1. Перейти к содержанию
  2. Перейти к главному меню
  3. К другим проектам DW

Взлёт и падение сталинского сокола

Ефим Шуман «Немецкая волна»

14.04.2004

https://p.dw.com/p/4vhq

Мы продолжаем тему прошлого выпуска «Читального зала». Неделю назад мы рассказывали о «космических дневниках» Николая Каманина – многолетнего наставника советских космонавтов, участвовавшего в этом качестве в подготовке пилотируемых полётов. Сегодня речь пойдёт о других лётчиках, которые, как и Николай Каманин, прославились в тридцатые годы. Я познакомлю вас с книгой Юрия Каминского «Кремлёвские перелёты», которая вышла очень маленьким тиражом в Москве, в журналистском агентстве «Гласность». Её автор – журналист, в течение многих лет занимавшийся историей авиации и полярных исследований, тесно общавшийся с известными конструкторами и лётчиками – восстанавливает малоизвестные подробности легендарных дальних перелётов Чкалова, Громова, Леваневского и их экипажей.

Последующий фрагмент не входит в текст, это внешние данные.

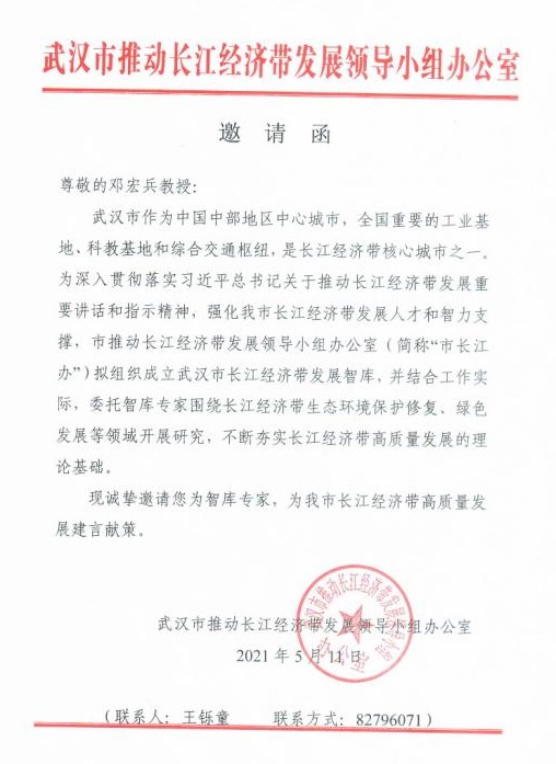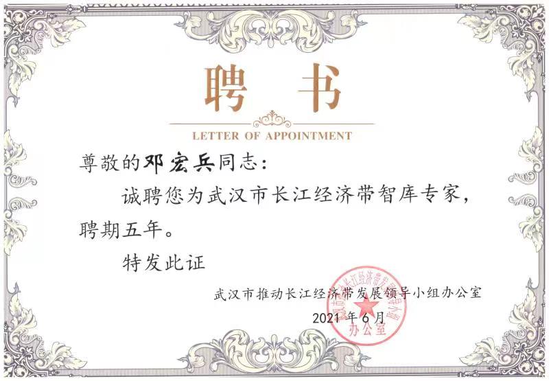 (通讯员王彦闻)近日,公司国贸系邓宏兵教授被武汉市推动长江经济带发展领导小组办公室聘为武汉市长江经济带智库专家,聘期五年。

Одно из этих имён сегодня почти забыто. Это имя Сигизмунда Александровича Леваневского, который до Чкалова был главным любимцем Сталина и которому вождь прощал всё – даже скандальные неудачи. Почему именно его Сталин выбрал из семи первых Героев Советского Союза, которые спасали челюскинцев? Автор книги «Кремлёвские перелёты» считает, что причиной этого было, как это ни парадоксально звучит, польское происхождение Леваневского. В двадцатые и первой половине тридцатых годов Польша считалась главным врагом СССР. Старший брат Сигизмунда Леваневского Юзеф – тоже лётчик – служил офицером в польской армии. Он погиб, испытывая самолёт, которому предстояло побить рекорд дальности. Именно поэтому «карт–бланш» был дан младшему брату, который жил в Советском Союзе. На его примере могли задумать сильную идеологическую акцию, – пишет в своей книге Юрий Каминский, – продемонстрировать всему миру раскрытие небывалых творческих возможностей человека в социалистическом обществе. Он должен был превзойти погибшего «польского» брата по всем статьям. Потому, наверное, Леваневский и получил звание Героя за спасение челюскинцев, хотя ни одного из них не снял со льдины: он попал в тяжёлый погодный фронт и разбил свою машину. Именно Леваневскому первому пришла в голову идея беспосадочного перелёта через Северный полюс, – считает автор книги «Кремлёвские перелёты». Во всяком случае, он первый объявил об этом вслух. При его крайне болезненном самолюбии успешное осуществление этого замысла помогло бы ему завоевать уважение коллег–лётчиков, которые выражали порою плохо скрываемое недоумение обилием почестей, обрушившихся на Леваневского после челюскинской эпопеи.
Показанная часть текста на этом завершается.